Lo vinco e, per questo, ringrazio il presidente Giovanni Nistri e i consiglieri tutti, prendo un treno a da Pescara — città che ora mi fa da casa assieme alla mia compagna e ai miei due gemelli di pochi mesi — e risalgo la penisola fino a questo Nord-Est ricco di fermenti culturali che ben poche regioni vantano».

In realtà lei ha affiancato molti anni fa Mauro Avogadro alla regia di un cult, “Copenhagen”, con Umberto Orsini, Massimo Popolizio e Giuliana Lojodice, cast pazzesco per un’opera che ha fatto la storia col marchio udinese del Css, fra l’altro.

«Eccome no! Un ruolo marginale, il mio, ma di grande importanza per un fresco allievo come lo ero allora. Nell’occasione conobbi Alberto Bevilacqua, fratello di Giuseppe. Il destino, forse, mi fece dare qualche morso alla città in attesa di un futuro ritorno. Vogliamo aggiungere i due spettacoli che portai al Nuovo nelle passate stagioni?

Aggiungiamoli volentieri, ci mancherebbe.

“Il gioco delle parti” di Pirandello e un Feydeau d’annata. Come vede la strada verso Udine era asfaltata da qualche lustro per un viaggio più comodo».

Qual è stata la sua priorità appena scoprì di avere il posto fisso a Udine, come direbbe Checco Zalone?

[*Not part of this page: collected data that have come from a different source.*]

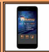
App "Set & Go Pro"
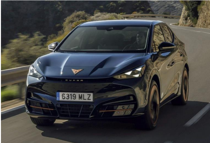
Cupra Tavasca.

Created and written by: Bryce Gatton Contact: Bryce@EVChoice.com.au
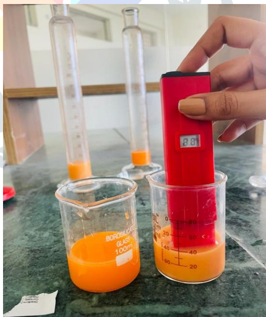
Figure 2 - pH determination test

pH of the suspension was determined using a pH meter. Firstly 30 ml of the sample was taken in a 50 ml clean and dry test tube. After that, the pH electrode was dispersed in a test tube and shaken gently. Observed pH after 5 minutes.
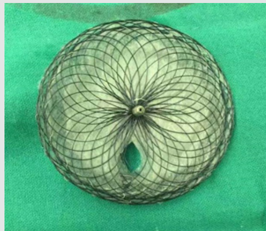
Figure 2: Occlusion of the occluder in advance reserved hole 5mm.
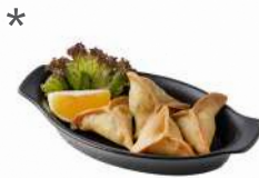
فطائر بالسبانخ Fatayer spinach

Crispy meat, and bulgur shell stuffed with a delicious filling of minced meat, pine nuts, and crushed wheat.
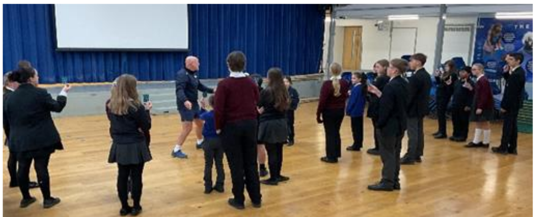
Mr Jew leading collaborative activities
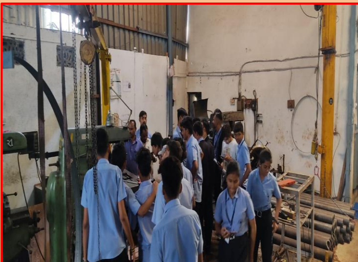
Industrial Visit at Rahul Industries

Place of Visit: Rahul Industries, Bhosari
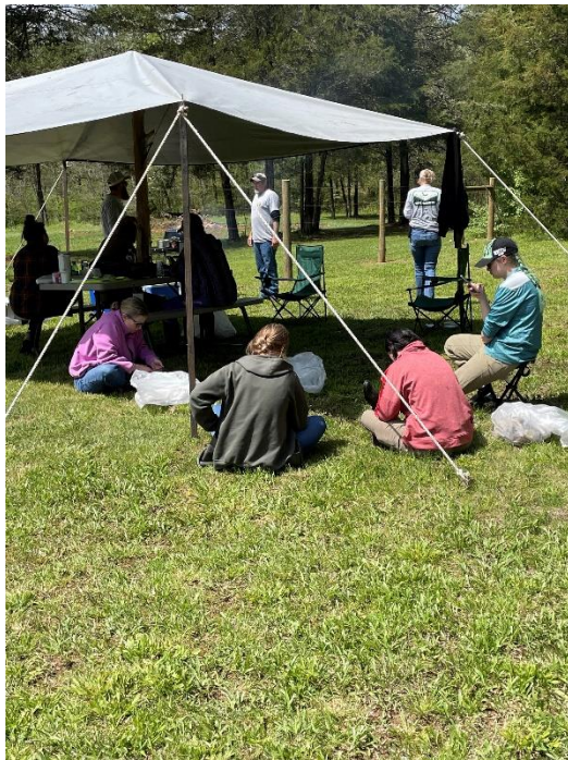
Waiting for lunch on a perfect day!
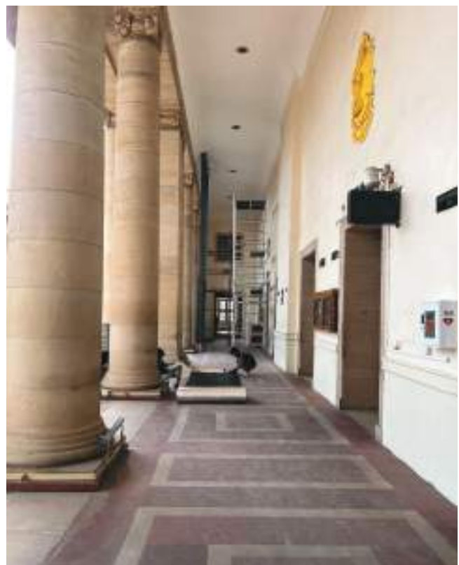
Ongoing repairs at Supreme Court during summer vacation

the West Wing of the Court. A state-of-the-art Command and Control Centre, also referred to as a ‘War Room’, is being constructed which will be equipped with advanced monitoring and communication systems. This will serve as an
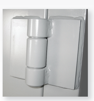
Model H2301D Maximum Security Hinge
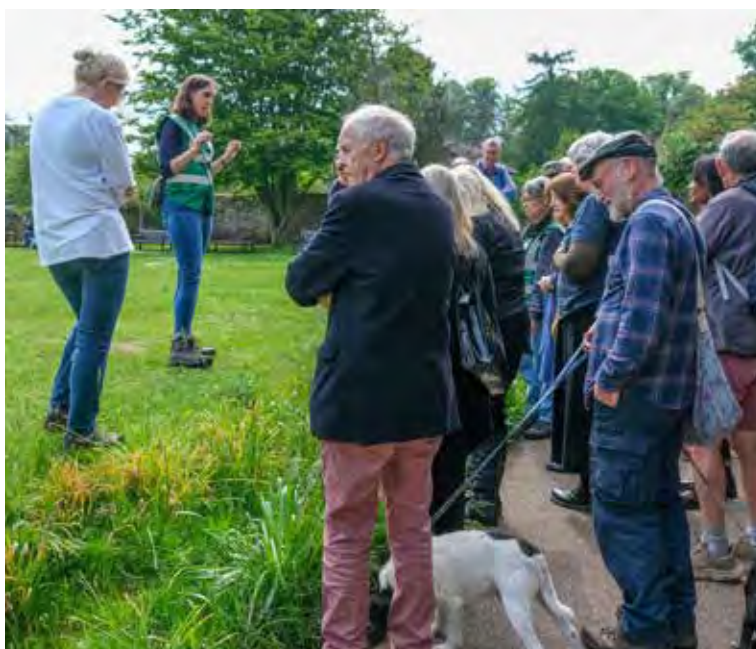
A guided walk at the Wildlife Day 2024
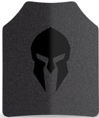
10" x 12" Single Curve Shooters Cut BASE COAT: SA-500-10 X 12 SH SC BC FULL COAT: SA-500-10 X 12 SH SC FC
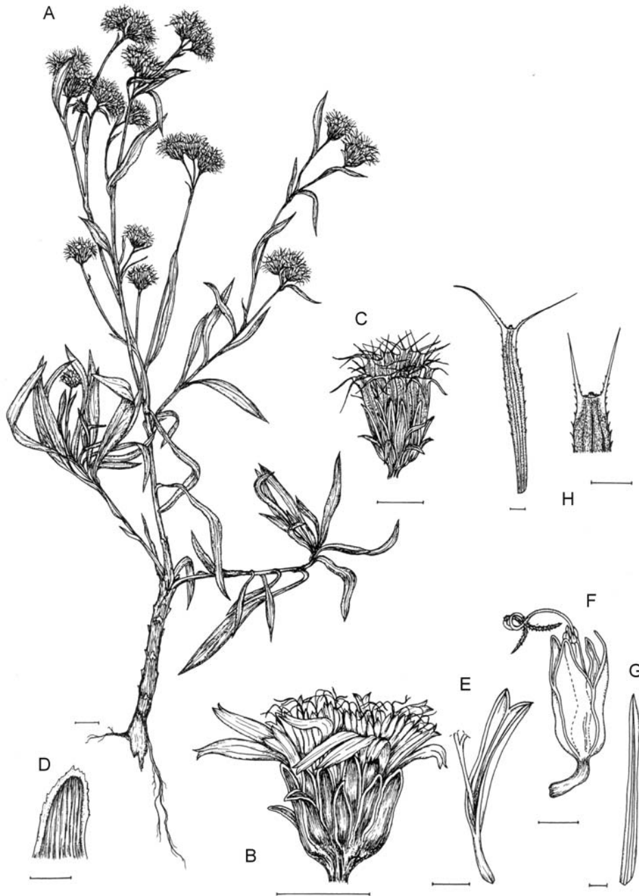
Fig. 1. Isostigma herzogii – A: habit; B: capitulum in flower; C: capitulum at fruiting; D: apex of an inner phyllary; E: marginal flower; F: disc flower; G: palea; H: cypselae. – A, C, F-H after Krapovickas, Mroginski & Fernández 19317 (CTES), B-D after Herzog 617 (G), E after Caballero Mármori 658 (CTES); scale bars: A = 1 cm, B-C = 5 mm, D-H = 1 mm.
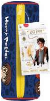
Réf. 934801 Pencil case - Trousse
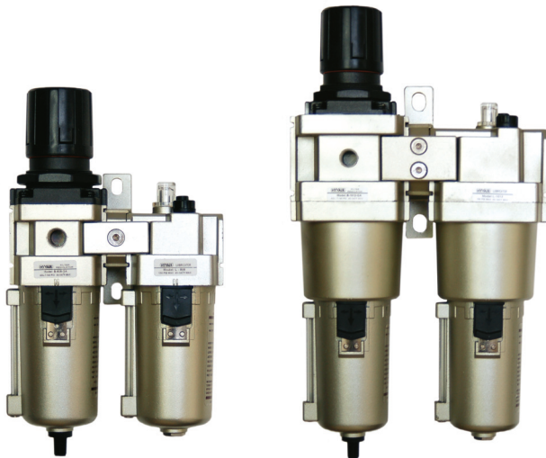
Fully assembled and complete with "T" Type Mounting Bracket.

«Mettere il pubblico al centro di qualunque progetto. La mia idea è che il teatro d’arte dev’essere popolare. Non tanto vorrei proporre un modo personale di fare prosa, quanto cercare di comprendere i desideri degli spettatori friulani affinché io possa trovare la formula giusta.

Inutile, il teatro è di chi lo ama ed è giusto che il cartellone sia il più vicino possibile al gradimento degli abbonati. Altrimenti farei una stagione per me».

Possiamo chiederle a che punto è con la raccolta?

«Siamo con i contratti in mano. Non posso svelare alcunché, mi capisce, ma le assicuro che la qualità è dominante. Ho sperato di avere compagnie con tanti attori e le ho trovate.

Sa come funziona, no? I soldi scarseggiano e si tende ad allestire commedie con due o tre persone se non monologhi con l’interprete famoso. Stiamo perdendo il senso di coralità, quella scena piena e ricca di voci, bellissima da vedere e da ascoltare».

Casa teatro?

«Fondamentale. Condivido l’idea di Bevilacqua di aprire le porte del Nuovo non soltanto nei giorni di spettacolo».

Come sta di salute la prosa contemporanea?

«Non starebbe neppure male, ma gli Stabili — le cosiddette novità — le guardano con timore, preferendo il classico che assicura share».

Talvolta i capisaldi del teatro andrebbero svecchiati quel tanto. Il suo “Tartufo” di Molière (con Giuseppe Cederna e Vanessa Gravina) e ambientato nei Settanta, rappresenta perfettamente l’idea di rinnovo sagace.

«Quando il testo lo consente, perché no. Ho visto uno Shakespeare con il telefonino sul palco: ecco, ci vuole decenza e intelligenza per smontare gli immortali. Se il lavoro è fatto bene sembrerà più vicino alla nostra comprensione pur mantenendo la sua straordinaria forza».